> _EXERCISE REQUIREMENTS_: Your copy should contain exactly the lines from the start of the listing through the line that holds "波本5X7尺推門衣櫃-附鏡(寬150x深59.5x高202cm)", and no pictures.

> _DATA PROVIDED_:
####

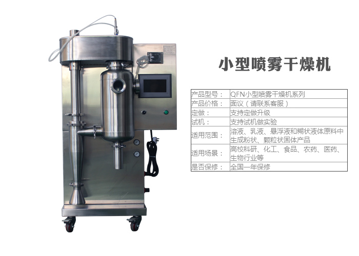 Fourth, in the use of a small pharmaceutical small spray dryer, it is necessary to ensure that the equipment has a good sealing effect, will not bring new pollution sources, and the inner wall is smooth and flat, and the structure should be simplified as far as possible, easy to clean, reliable operation.Click into the details.
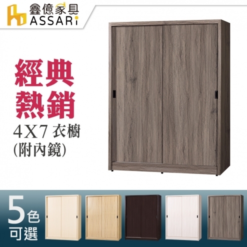 波本5X7尺推門衣櫃-附鏡(寬150x深59.5x高202cm)
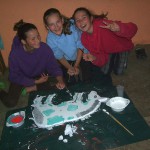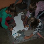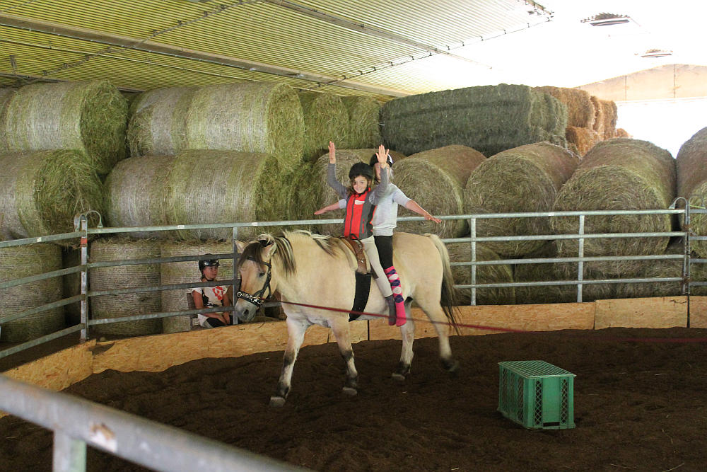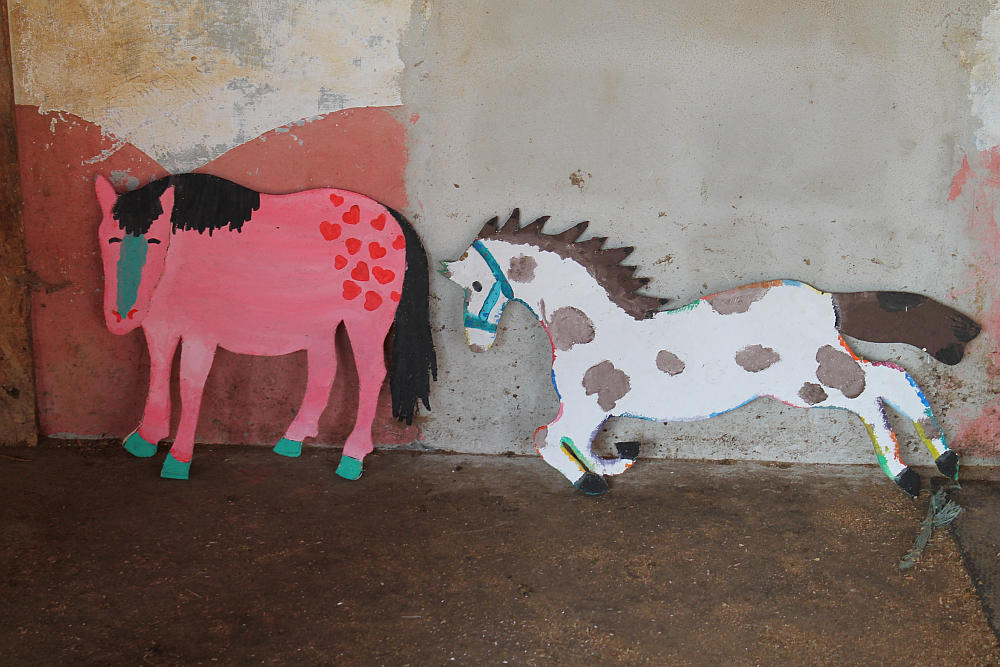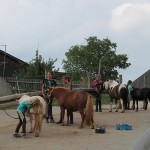Dienstag, 18. August 2015: Heut hatte der Himmel was zu lachen – besser gesagt: die Sonne lachte und es war stellenweise schon wieder angenehm warm. Die Kids hatten beste Laune und machten sich fleißig ans Werk: es wurde gemistet, gefegt und die Pferde wurden aus dem Stall geholt und gerichtet, bevor es ans Reiten ging. Abwechselnd machten sich die verschiedenen Kleingruppen auf entweder ins Gelände zum Ausritt, auf den Reitplatz oder in die Halle zur Reitstunde. Es wuselte also mal wieder überall. Zwischendrin wurden Futterschüsseln geputzt, einige der älteren Pferde geputzt und verwöhnt und auch der Globulidienst hatte starke Hilfe! Zum MIttagessen gab es leckeren Gemüsereis und die Töpfe waren fast leer. Nach Mittaspause und Laden stürmen ging es an das Nachmittagsprogramm, wobei da zwischendrin eine Tinkerputzrunde und als Abschluß gemeinsames Füttern aller Pferde angesagt waren. Nachdem die Tageskids abgeholt waren gab es Abendessen und als Abendprogramm wird weiter an der Holzpferdeherde gemalt, dem Gemeinschaftsprojekt der Sommerreiterferienkids 2015.
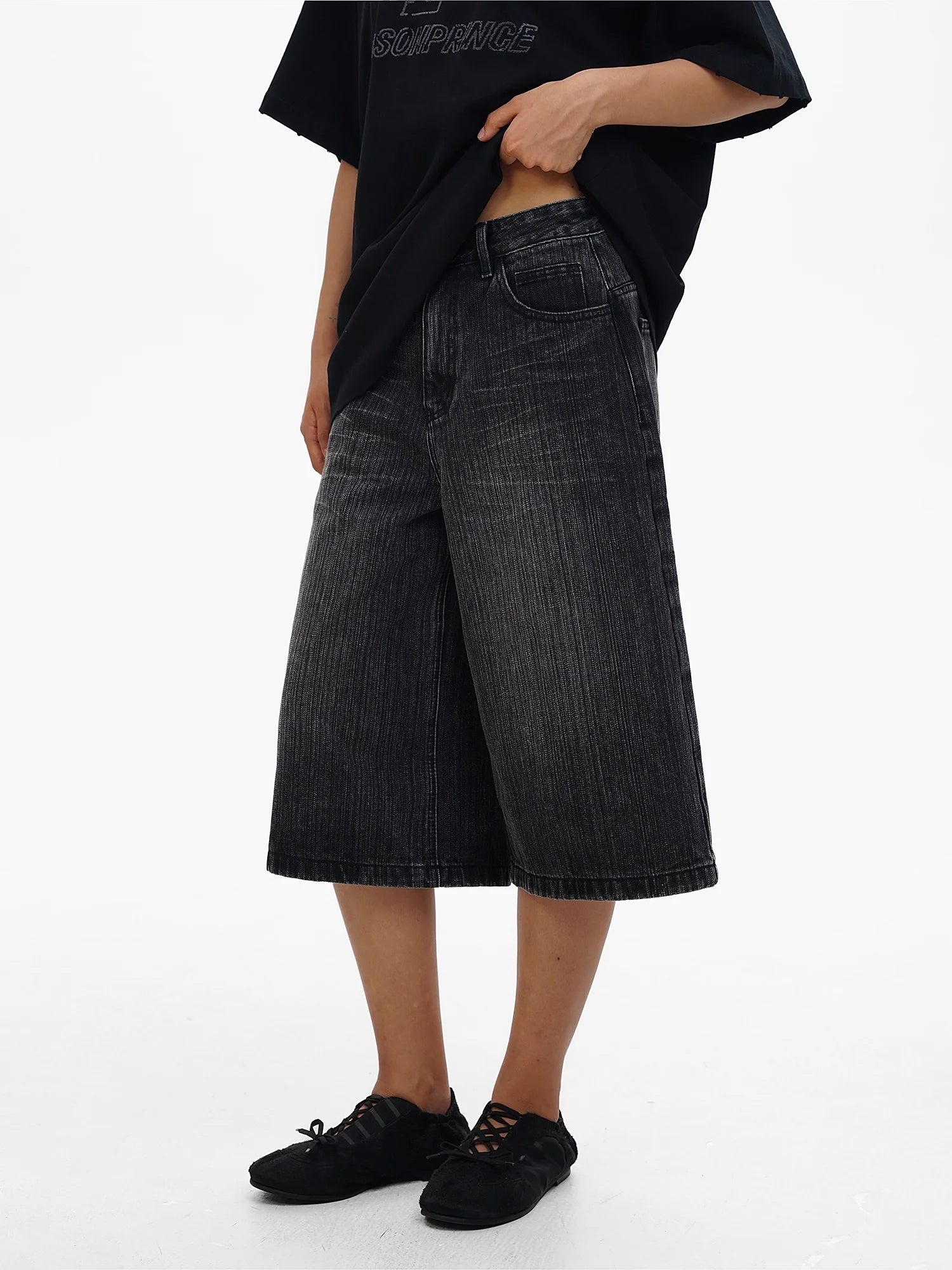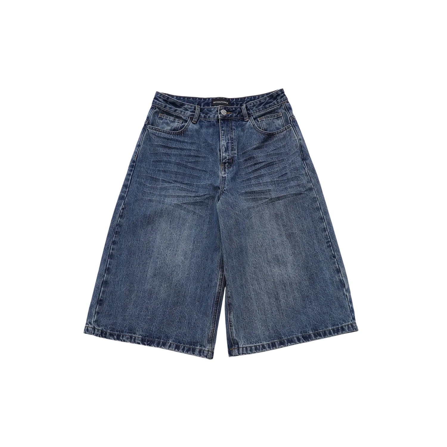 MASONPRINCE Men's Retro Faded Wide-Leg Denim Shorts

####

> _WORKED SOLUTION_:
 Fourth, in the use of a small pharmaceutical small spray dryer, it is necessary to ensure that the equipment has a good sealing effect, will not bring new pollution sources, and the inner wall is smooth and flat, and the structure should be simplified as far as possible, easy to clean, reliable operation.Click into the details.
 波本5X7尺推門衣櫃-附鏡(寬150x深59.5x高202cm)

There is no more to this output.